# TASK TO COMPLETE
Starting with the line below that holds "Am 28.03.2026 findet" and stopping after the line that holds "Ответ на задание", transcribe the lines exactly, leaving out all pictures.

# SUPPLIED DATA
────

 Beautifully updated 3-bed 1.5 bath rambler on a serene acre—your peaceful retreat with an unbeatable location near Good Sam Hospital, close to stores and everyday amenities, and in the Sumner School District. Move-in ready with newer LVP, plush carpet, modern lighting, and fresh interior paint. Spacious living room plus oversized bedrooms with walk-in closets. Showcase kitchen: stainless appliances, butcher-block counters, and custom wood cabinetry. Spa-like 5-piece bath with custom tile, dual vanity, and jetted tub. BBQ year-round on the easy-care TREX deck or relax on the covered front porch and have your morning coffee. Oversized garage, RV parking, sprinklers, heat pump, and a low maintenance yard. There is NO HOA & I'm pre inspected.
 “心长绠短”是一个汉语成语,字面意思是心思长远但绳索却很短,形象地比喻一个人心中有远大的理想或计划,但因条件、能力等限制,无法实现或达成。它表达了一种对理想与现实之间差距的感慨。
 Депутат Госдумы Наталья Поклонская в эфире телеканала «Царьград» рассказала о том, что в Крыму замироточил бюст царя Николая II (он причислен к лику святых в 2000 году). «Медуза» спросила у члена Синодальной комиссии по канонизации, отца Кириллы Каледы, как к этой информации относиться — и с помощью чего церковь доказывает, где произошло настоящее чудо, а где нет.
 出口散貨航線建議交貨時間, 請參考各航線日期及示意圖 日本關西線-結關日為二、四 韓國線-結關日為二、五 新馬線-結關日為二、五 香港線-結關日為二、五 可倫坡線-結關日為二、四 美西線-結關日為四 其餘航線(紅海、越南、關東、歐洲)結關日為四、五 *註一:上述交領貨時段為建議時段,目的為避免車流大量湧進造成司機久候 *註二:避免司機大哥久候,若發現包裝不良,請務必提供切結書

────

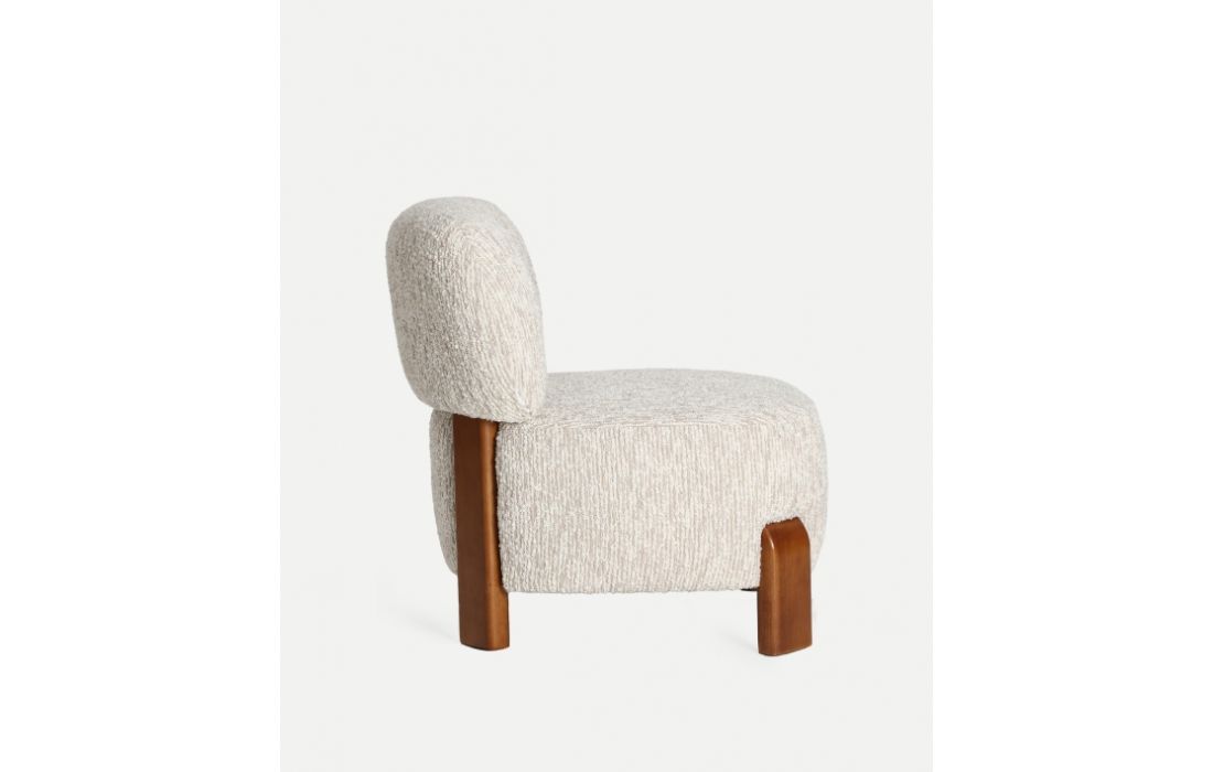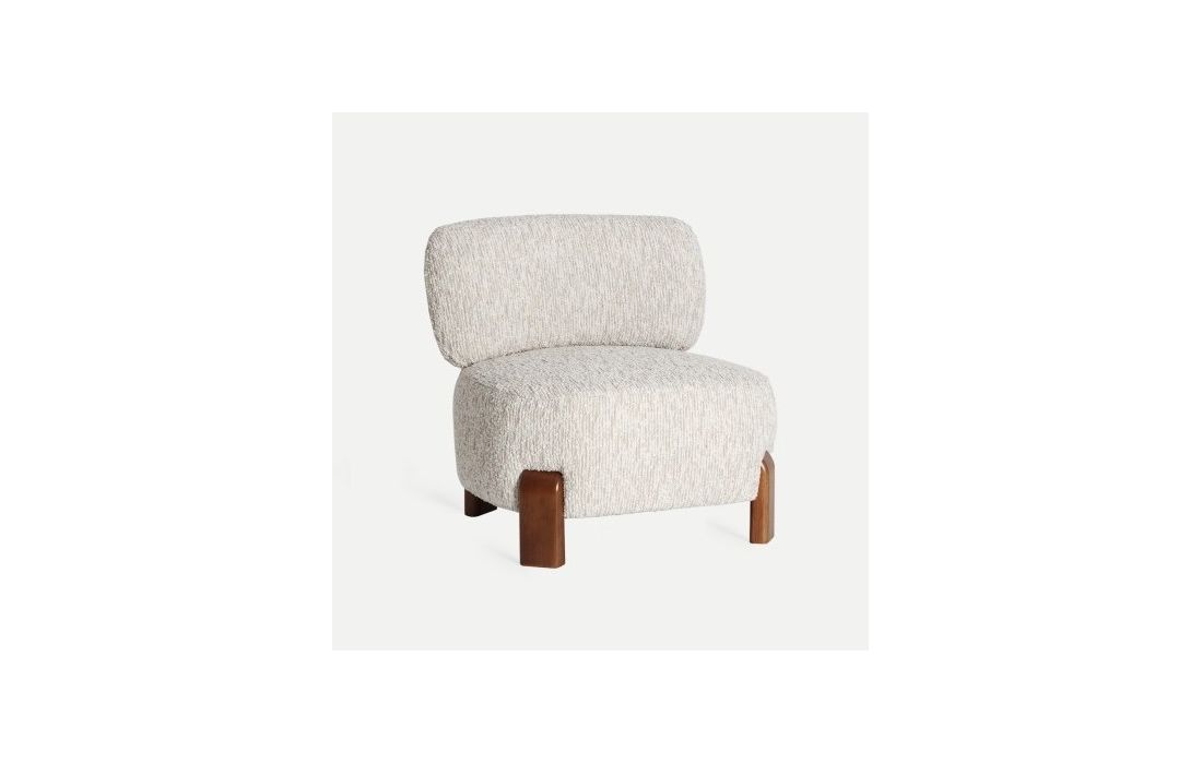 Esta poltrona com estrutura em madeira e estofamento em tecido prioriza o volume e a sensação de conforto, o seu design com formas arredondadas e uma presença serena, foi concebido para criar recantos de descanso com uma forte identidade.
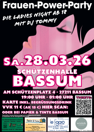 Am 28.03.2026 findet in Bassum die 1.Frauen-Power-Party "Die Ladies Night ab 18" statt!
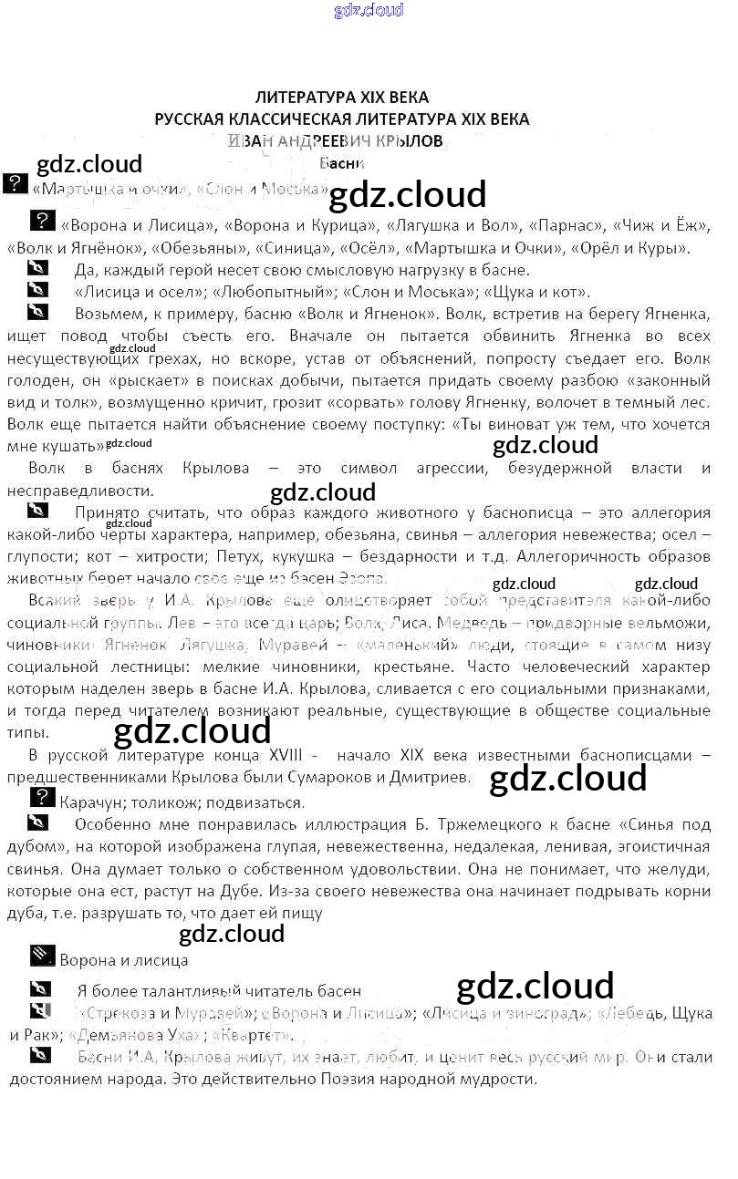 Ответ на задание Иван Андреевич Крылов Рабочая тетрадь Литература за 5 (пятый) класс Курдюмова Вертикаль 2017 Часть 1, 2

────

# EXERCISE RESPONSE
 Am 28.03.2026 findet in Bassum die 1.Frauen-Power-Party "Die Ladies Night ab 18" statt!
 Ответ на задание Иван Андреевич Крылов Рабочая тетрадь Литература за 5 (пятый) класс Курдюмова Вертикаль 2017 Часть 1, 2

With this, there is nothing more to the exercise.